Il y a une question qu'on ne pose plus assez, tant elle semble tranchée par habitude : quel gestionnaire de paquets fait tourner votre projet ? Pendant longtemps, la réponse a été npm par défaut, faute d'y avoir vraiment réfléchi. Ce n'est plus tenable. En 2026, le choix d'un gestionnaire de paquets a un impact mesurable sur le temps de build, la taille du dépôt, la fiabilité des déploiements — et, très concrètement, sur le nombre de fois où vous attendez devant un terminal au lieu d'écrire du code. Ce site en est lui-même un cas d'école : construit sur Bun plutôt que sur l'option par défaut, un choix qu'on va justifier ligne par ligne plutôt que d'affirmer.

Un peu d'histoire, pour comprendre pourquoi il y a un débat

npm est arrivé avec Node.js en 2010 et a longtemps été la seule option sérieuse. Puis, en 2016, Facebook a sorti Yarn pour corriger deux défauts précis : des installations lentes et non déterministes — deux machines pouvaient obtenir des versions différentes des mêmes dépendances, un cauchemar en production. Yarn a introduit le fichier de verrouillage (lockfile) comme standard de facto, une idée que npm a fini par adopter aussi.

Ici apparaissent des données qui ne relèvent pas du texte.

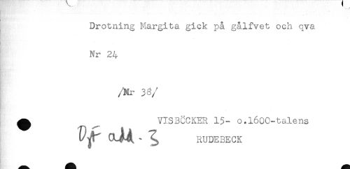 //// Drotning Margita gick på gålfvet och qva //// Nr 24 //// /Nr 38 //// /. //// ^ ^ VISBCCKER 15- o.léOC-talens //// CL^ - ^ RUDEBECK ////
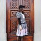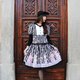 Description: F828(Vintage)黑色底蕾丝花朵图样短袖洋装
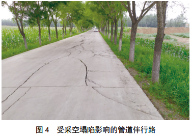 采空塌陷使輸氣管道工程的伴行路也出現拉張裂縫和錯臺,給進(jìn)行管道日常維護的車(chē)輛和人員通行造成困難(圖 4)。
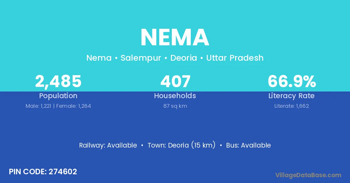 Deoria (15 km) is the nearest town to Nema village for major economic activities and is located approximately 15 km away.
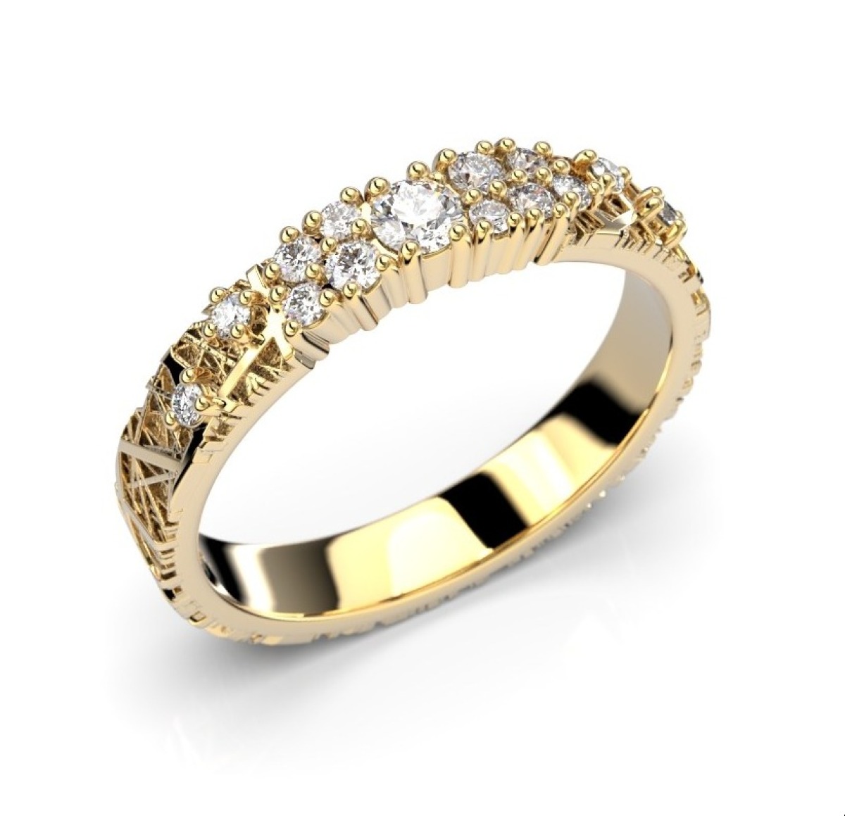 Festive Routa Tieva diamantring 664-015-KK är tillverkad i gult guld och dekorerad med ett mönster inspirerat av granit och briljantslipade diamanter 0,07+2x0,02+2x0,015+9x0,01 (Total. 0,23 ct).

pnpm est arrivé un peu plus tard avec une obsession différente : l'espace disque. Un développeur avec une dizaine de projets Next.js sur sa machine se retrouvait avec la même copie de React dupliquée dix fois dans autant de dossiers node_modules. pnpm a résolu ça avec un store adressé par contenu — chaque version d'un paquet n'existe qu'une fois sur le disque, partagée entre projets via des liens.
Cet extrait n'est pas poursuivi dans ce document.